### DATA PROVIDED

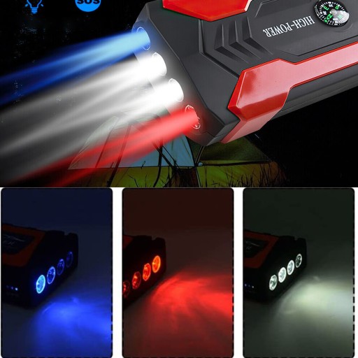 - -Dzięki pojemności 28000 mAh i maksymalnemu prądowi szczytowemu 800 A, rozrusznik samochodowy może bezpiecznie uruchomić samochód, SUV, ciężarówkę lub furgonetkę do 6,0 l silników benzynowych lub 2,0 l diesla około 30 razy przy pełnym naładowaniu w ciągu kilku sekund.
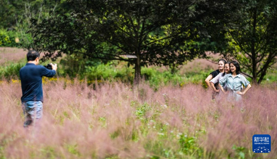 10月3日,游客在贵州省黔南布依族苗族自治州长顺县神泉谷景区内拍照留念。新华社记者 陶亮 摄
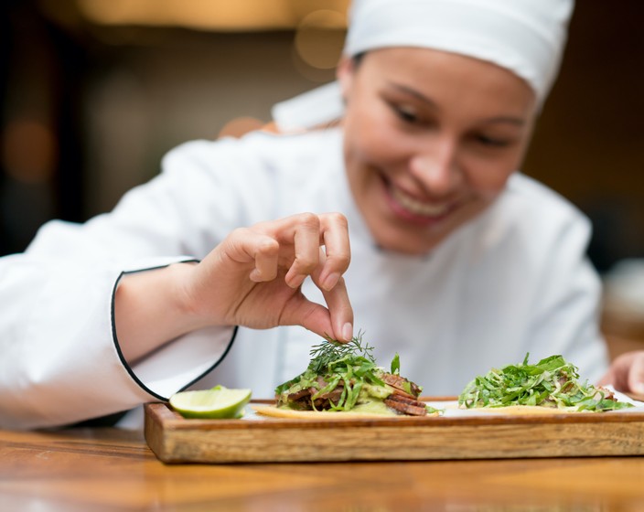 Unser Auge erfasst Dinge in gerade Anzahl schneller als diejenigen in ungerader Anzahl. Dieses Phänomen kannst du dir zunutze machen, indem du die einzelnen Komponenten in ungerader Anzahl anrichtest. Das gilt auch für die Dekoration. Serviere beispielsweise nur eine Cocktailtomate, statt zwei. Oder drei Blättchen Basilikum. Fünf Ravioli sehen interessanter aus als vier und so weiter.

######

§ **WORK REQUIRED**: The response must restate each line of the material above exactly and contain no images.

§ **RESPONSE TO THIS EXERCISE**:
 - -Dzięki pojemności 28000 mAh i maksymalnemu prądowi szczytowemu 800 A, rozrusznik samochodowy może bezpiecznie uruchomić samochód, SUV, ciężarówkę lub furgonetkę do 6,0 l silników benzynowych lub 2,0 l diesla około 30 razy przy pełnym naładowaniu w ciągu kilku sekund.
 10月3日,游客在贵州省黔南布依族苗族自治州长顺县神泉谷景区内拍照留念。新华社记者 陶亮 摄
 Unser Auge erfasst Dinge in gerade Anzahl schneller als diejenigen in ungerader Anzahl. Dieses Phänomen kannst du dir zunutze machen, indem du die einzelnen Komponenten in ungerader Anzahl anrichtest. Das gilt auch für die Dekoration. Serviere beispielsweise nur eine Cocktailtomate, statt zwei. Oder drei Blättchen Basilikum. Fünf Ravioli sehen interessanter aus als vier und so weiter.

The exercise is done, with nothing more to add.